I returned to the place where I had left the loaners, and found Zoe. “Sorry for leaving these here.” I nodded to the shoes.
“I survived,” she said.
“I’ll definitely join you guys after school, at least for the newspaper. And, I’m almost certain that I can join you at the mall too.”
She looked up from tying some pretty badass shit-kicker boots. “Great. The newspaper is in room two eighty-five B. I have so many ideas I want to tell you about. Send me your drawings.
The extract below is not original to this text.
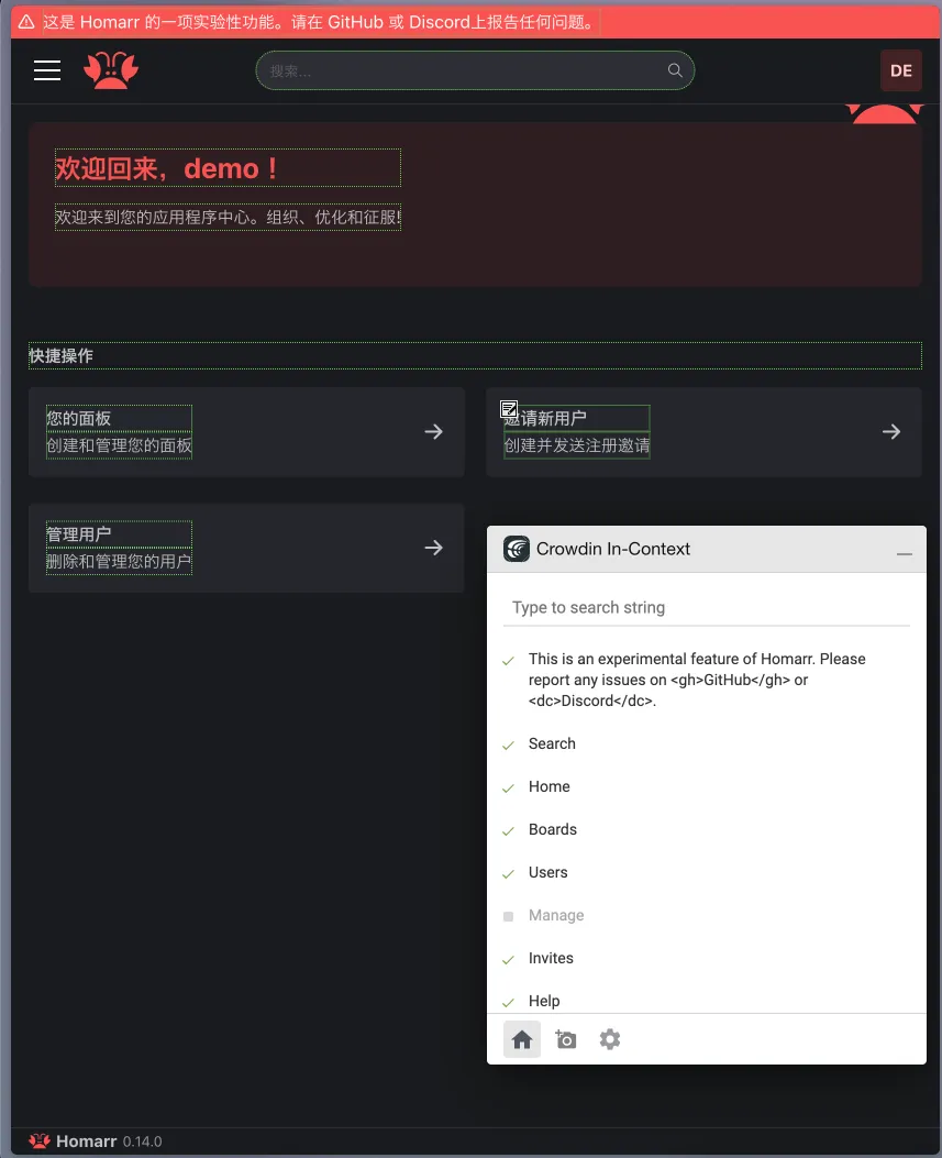 Since v0.14.0, you can now help translate homarr directly from the app ! To do so simply to go your user settings and select "Crowdin (live translations)" as the language. Then you'll be prompted to connect to your Crowdin account and choose the language in which you want to transalte. You can then start translating directly from the app by selecting some text on the app. If some text cannot be selected to be edited with the live translation tool, you can sill translate it inside of the In-Context popup at the Home tab, it will be red if it's not translated yet.
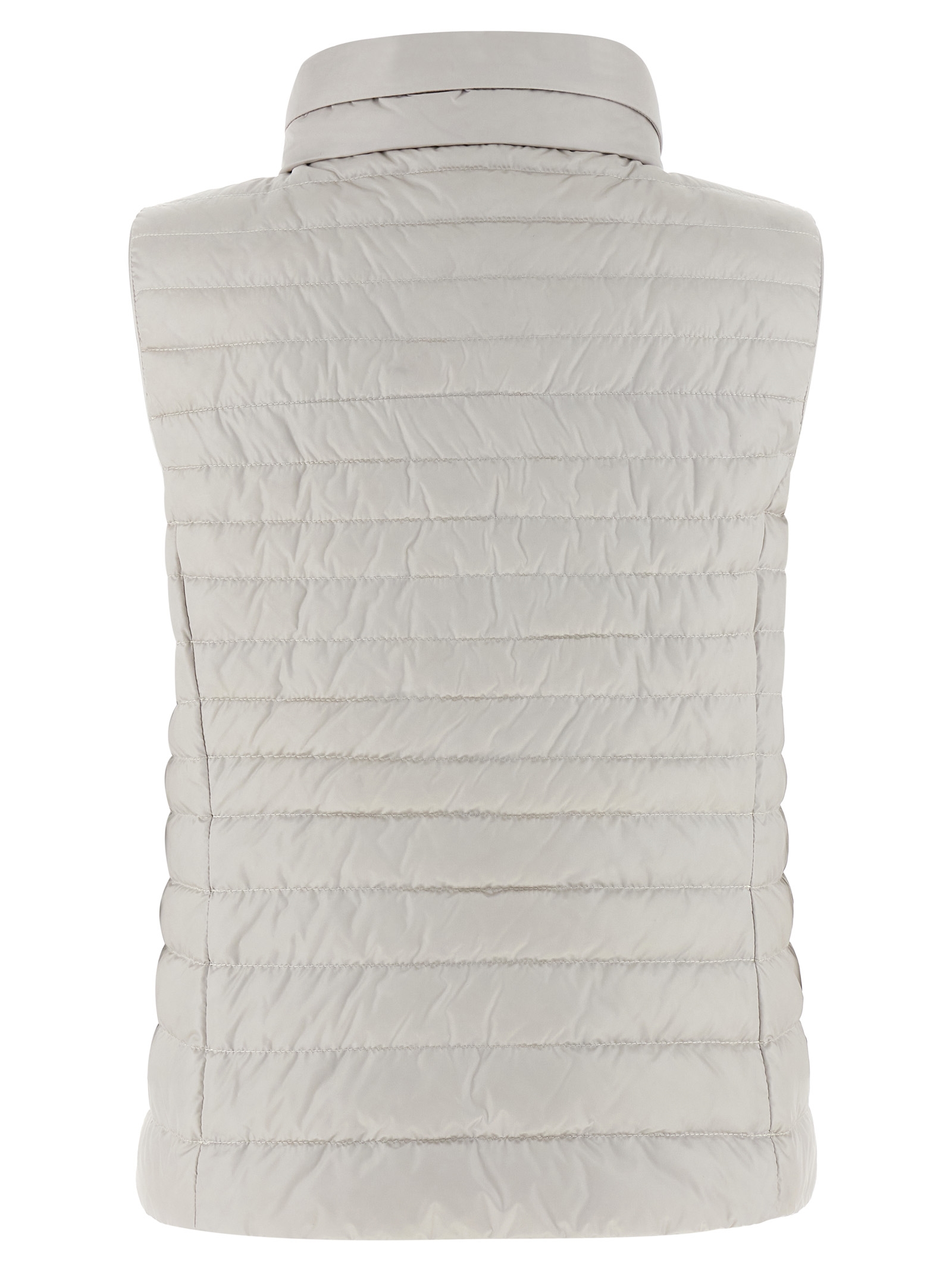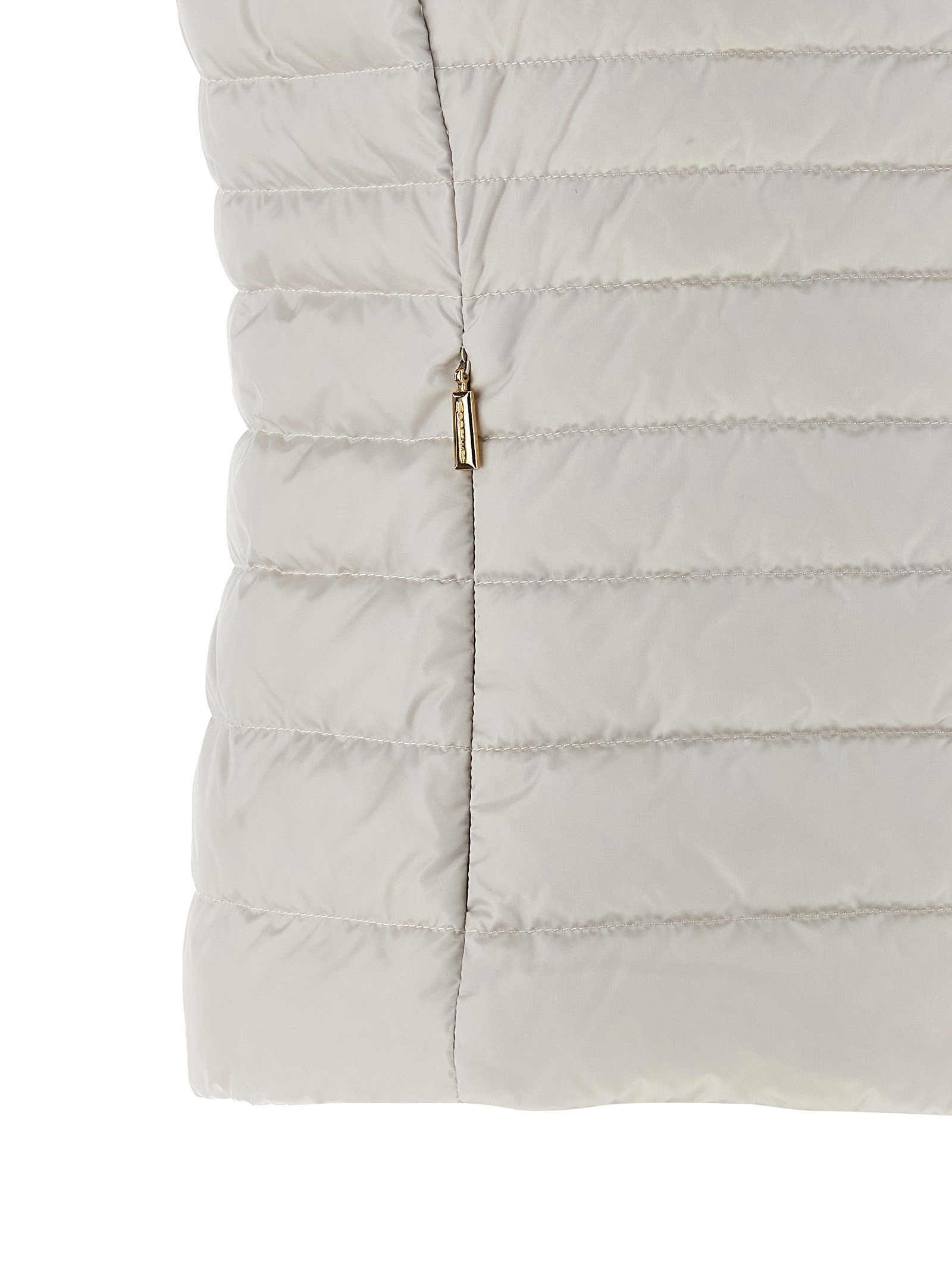 'Villan' vest in polished technical fabric quilted and goose feather padding, standing collar with removable hood, front zip closure, pockets.

I’m sure they’re good enough, I’m just curious.”
“Will do,” I said as I picked up the strings of the nasty loaners and held them out in front of me. “These are so disgusting that I felt sorry for my socks.” I had actually thrown my socks out and was now going sock-commando in my boots.
“Yeah, foul,” Zoe said with a sympathetic grin on her face.
When I returned my shoes and retraced my steps back to the friend zone lockers, I found Culter leaning up against the wall, his attention on his phone. His friends gathered nearby, but he was clearly separate from them, doing his own thing on his phone.
Walking over, I leaned up against the wall next to him. “Hey.”